Лошади, сначала скакавшие бодро, стали пятиться, взвиваться на дыбы и бросаться в стороны, когда невдалеке уже был четвертый бастион, действительно попавший под перекрестный огонь. То и дело падали кругом то английские, то французские снаряды, а две полевые батареи, "подпиравшие" четвертый бастион, посылали свои снаряды одна в сторону французов, другая - в сторону англичан. Было от чего артачиться лошадям.

Четвертым бастионом командовал Новосильский, произведенный в вице-адмиралы за Синопский бой. Он был первым в этот день, испуганно встретившим не бомбардировку англо-французов, а очень любимого им Корнилова на своем бастионе.

- Зачем вы в этот ад, Владимир Алексеевич? - сказал он, крепко (он был человек сильного сложения) пожимая тонкую руку Корнилова.

- Как - зачем?.. Чтобы знать, что мы делаем...

Оглянувшись кругом, Корнилов добавил:

- И что делают с нами!

На бастионе были уже подбитые орудия, разбитые в щепки лафеты, валялись убитые и тяжело раненные...

- Почему не выносят убитых и раненых? - удивился Корнилов такой нераспорядительности боевого адмирала.

- Нет людей для этого, - ответил Новосильский. - Несем большие потери от перекрестного огня... Артиллерийская прислуга вся на счету... Требуется частая замена людей у орудий...

- Нужно будет из арестантов, не прикованных к тачкам, спешно составить команды санитаров, - решил Корнилов и подошел к ближайшему комендору-матросу посмотреть его прицел.

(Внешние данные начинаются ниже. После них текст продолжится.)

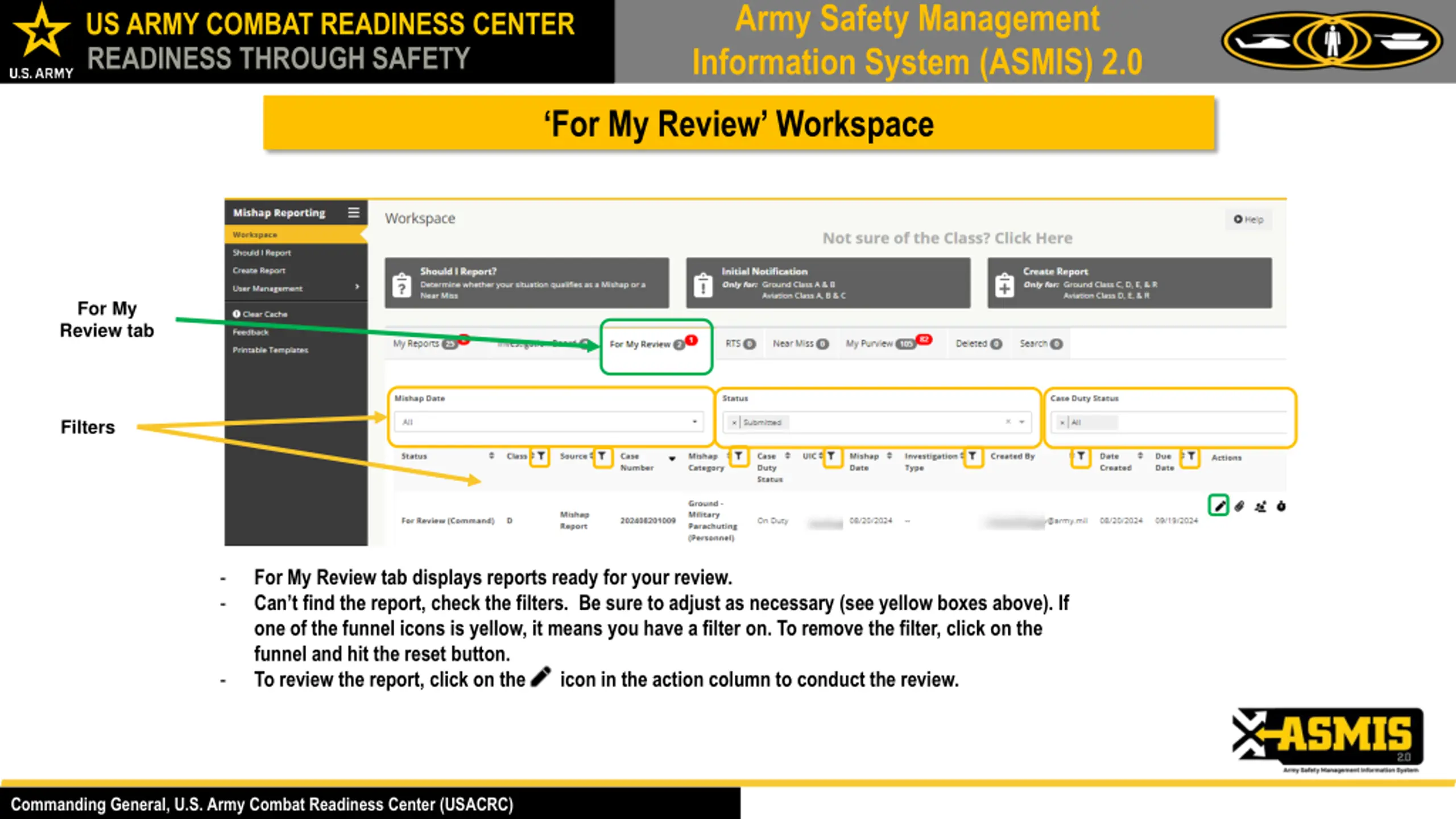 Army Safety Management Information System (ASMIS) 2.0 US ARMY COMBAT READINESS CENTER READINESS THROUGH SAFETY For My Review Workspace For My Review tab Filters - - For My Review tab displays reports ready for your review. Can t find the report, check the filters. Be sure to adjust as necessary (see yellow boxes above). If one of the funnel icons is yellow, it means you have a filter on. To remove the filter, click on the funnel and hit the reset button. To review the report, click on the icon in the action column to conduct the review. - Commanding General, U.S. Army Combat Readiness Center (USACRC)

Новосильский наблюдал его с большой за него тревогой, а он держался совершенно неторопливо, точно у себя в кабинете. От первого комендора перешел ко второму, к третьему, прошел не спеша через весь бастион, дошел до батареи и "грибка" на бульваре (который получил впоследствии название "Исторический бульвар") и оттуда так же спокойно повернул назад и снова вышел к правому фасу бастиона.

Провожая его, Новосильский сказал ему:

- Владимир Алексеевич! Не примите за совет, - это моя, и знаю, что не моя только просьба: поберегите себя, поезжайте прямо домой!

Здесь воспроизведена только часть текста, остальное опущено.